Recorded information —
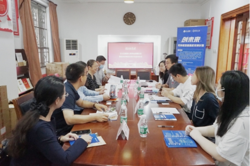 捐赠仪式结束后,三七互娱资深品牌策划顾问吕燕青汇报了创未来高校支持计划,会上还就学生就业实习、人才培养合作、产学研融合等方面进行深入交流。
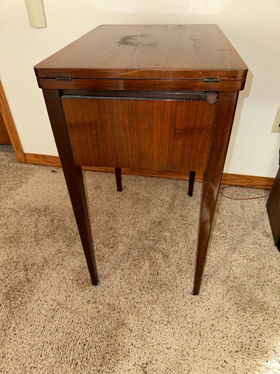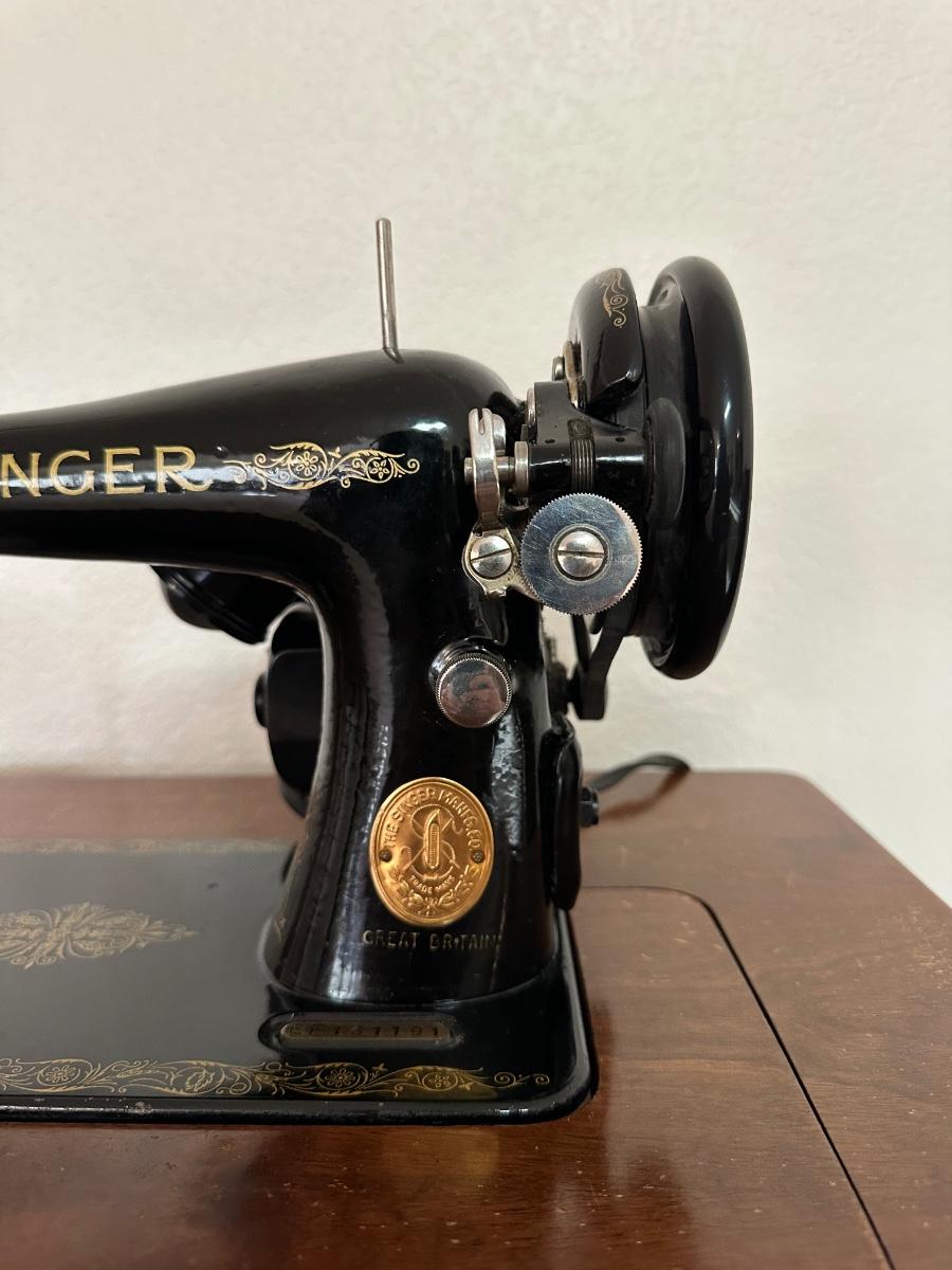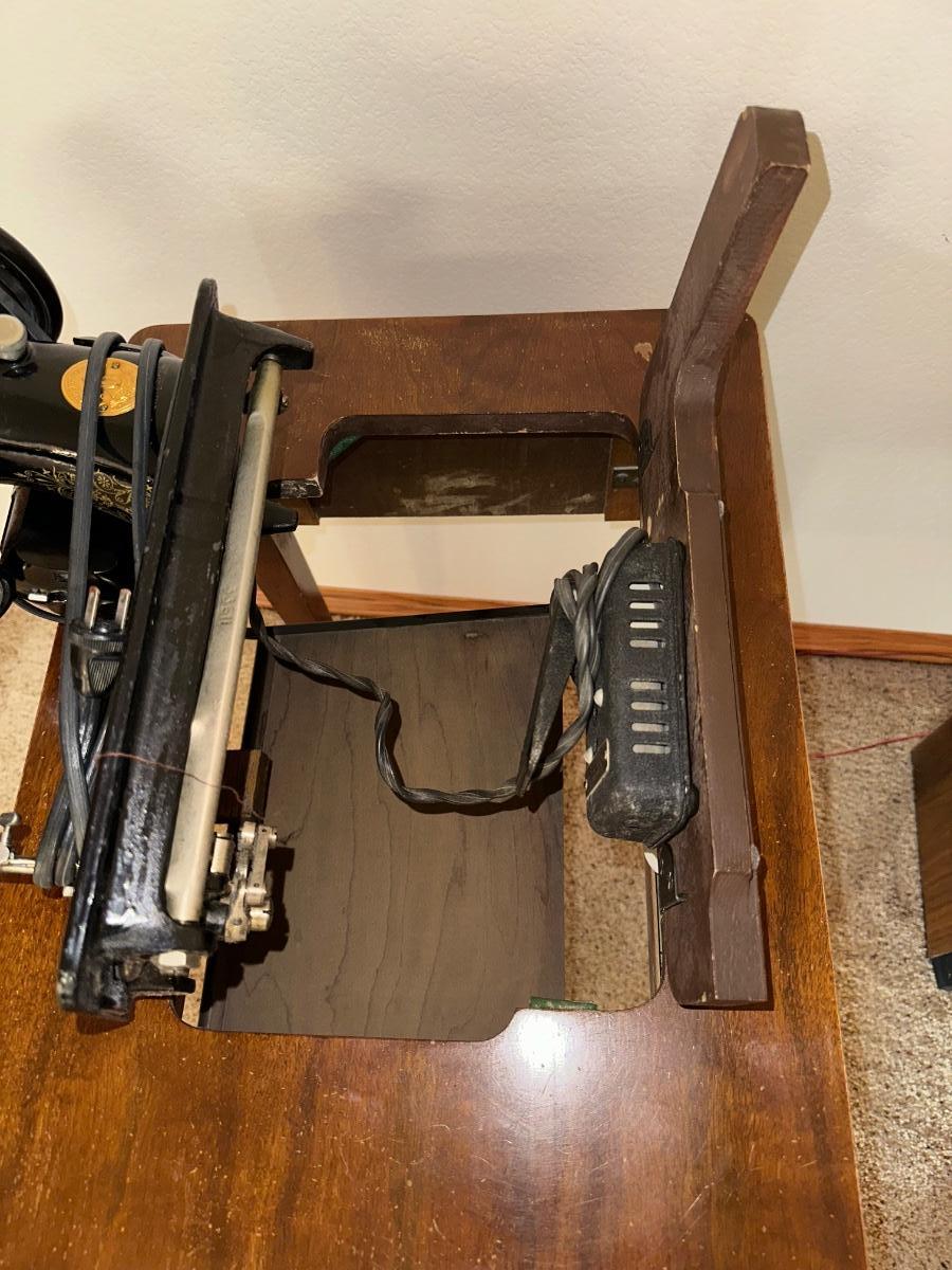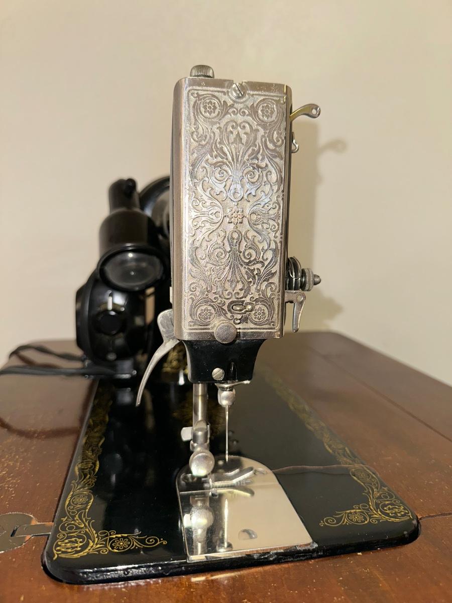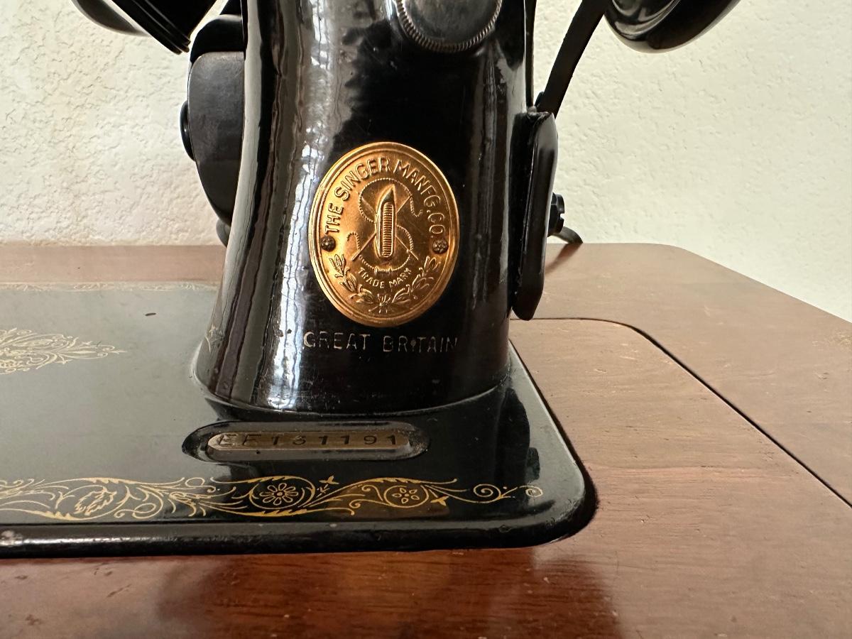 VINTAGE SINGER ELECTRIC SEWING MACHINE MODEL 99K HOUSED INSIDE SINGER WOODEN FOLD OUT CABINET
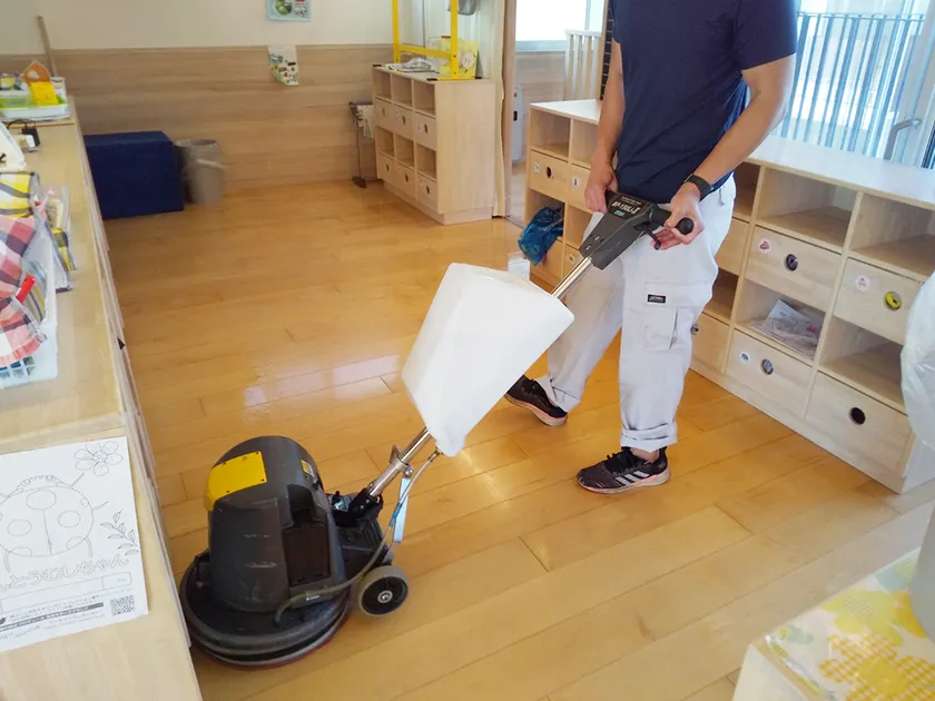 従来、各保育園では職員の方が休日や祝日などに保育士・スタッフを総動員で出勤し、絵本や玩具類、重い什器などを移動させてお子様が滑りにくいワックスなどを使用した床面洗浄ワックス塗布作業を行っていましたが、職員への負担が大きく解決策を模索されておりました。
...
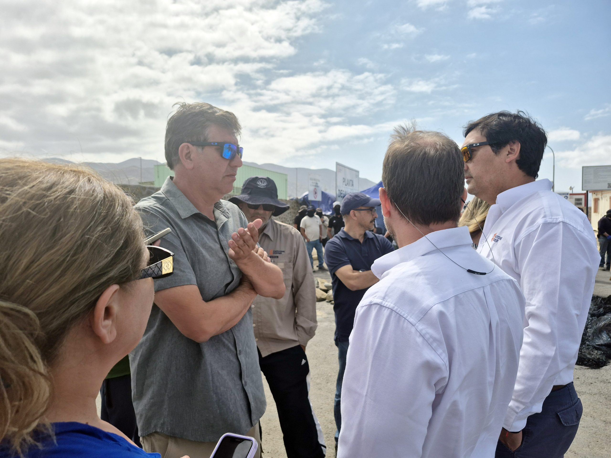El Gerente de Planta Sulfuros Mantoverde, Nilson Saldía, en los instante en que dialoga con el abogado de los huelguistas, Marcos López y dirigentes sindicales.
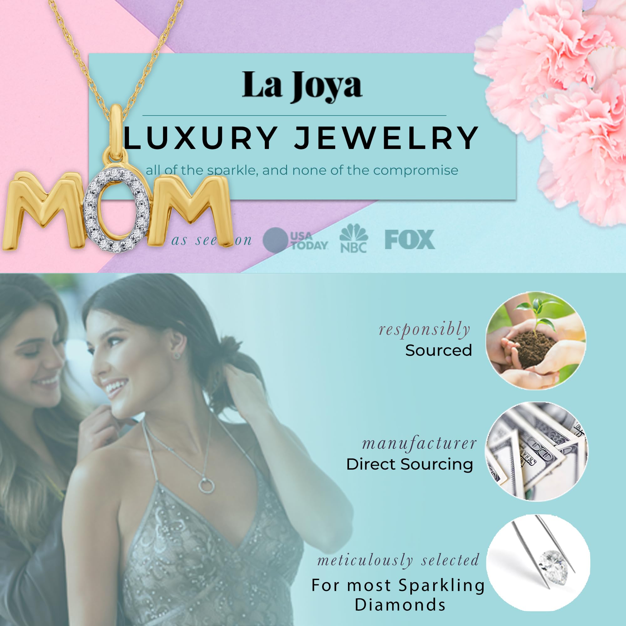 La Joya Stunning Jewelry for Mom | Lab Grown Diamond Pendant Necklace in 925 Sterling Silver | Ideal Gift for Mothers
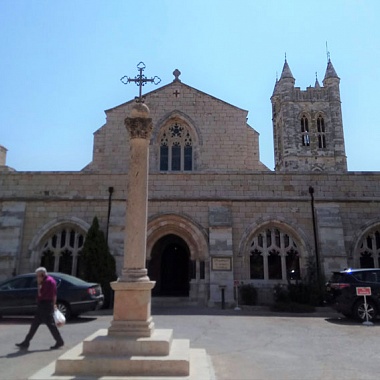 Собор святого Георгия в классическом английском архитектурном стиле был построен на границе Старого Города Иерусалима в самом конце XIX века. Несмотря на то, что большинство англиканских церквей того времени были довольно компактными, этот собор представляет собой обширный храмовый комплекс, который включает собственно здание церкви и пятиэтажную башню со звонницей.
...
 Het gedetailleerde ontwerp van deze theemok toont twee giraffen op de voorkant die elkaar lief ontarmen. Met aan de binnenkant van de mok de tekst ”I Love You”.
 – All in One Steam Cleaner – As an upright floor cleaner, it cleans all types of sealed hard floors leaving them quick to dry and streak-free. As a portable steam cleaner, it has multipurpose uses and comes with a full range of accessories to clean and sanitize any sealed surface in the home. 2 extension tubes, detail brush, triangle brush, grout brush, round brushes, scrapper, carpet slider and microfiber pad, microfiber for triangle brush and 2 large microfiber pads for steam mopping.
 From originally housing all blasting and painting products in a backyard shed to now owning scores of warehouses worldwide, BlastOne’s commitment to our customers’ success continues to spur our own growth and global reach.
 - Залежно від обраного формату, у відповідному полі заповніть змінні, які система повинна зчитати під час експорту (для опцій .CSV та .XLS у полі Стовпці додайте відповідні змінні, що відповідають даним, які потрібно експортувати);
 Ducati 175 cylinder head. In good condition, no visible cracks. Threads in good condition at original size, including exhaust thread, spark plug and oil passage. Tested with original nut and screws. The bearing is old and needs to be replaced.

What this task involves — Reproduce exactly the section above that begins at the line containing "Het gedetailleerde ontwerp" and ends at the line containing "From originally housing", leaving out all other lines.

Solution for this problem —
 Het gedetailleerde ontwerp van deze theemok toont twee giraffen op de voorkant die elkaar lief ontarmen. Met aan de binnenkant van de mok de tekst ”I Love You”.
 – All in One Steam Cleaner – As an upright floor cleaner, it cleans all types of sealed hard floors leaving them quick to dry and streak-free. As a portable steam cleaner, it has multipurpose uses and comes with a full range of accessories to clean and sanitize any sealed surface in the home. 2 extension tubes, detail brush, triangle brush, grout brush, round brushes, scrapper, carpet slider and microfiber pad, microfiber for triangle brush and 2 large microfiber pads for steam mopping.
 From originally housing all blasting and painting products in a backyard shed to now owning scores of warehouses worldwide, BlastOne’s commitment to our customers’ success continues to spur our own growth and global reach.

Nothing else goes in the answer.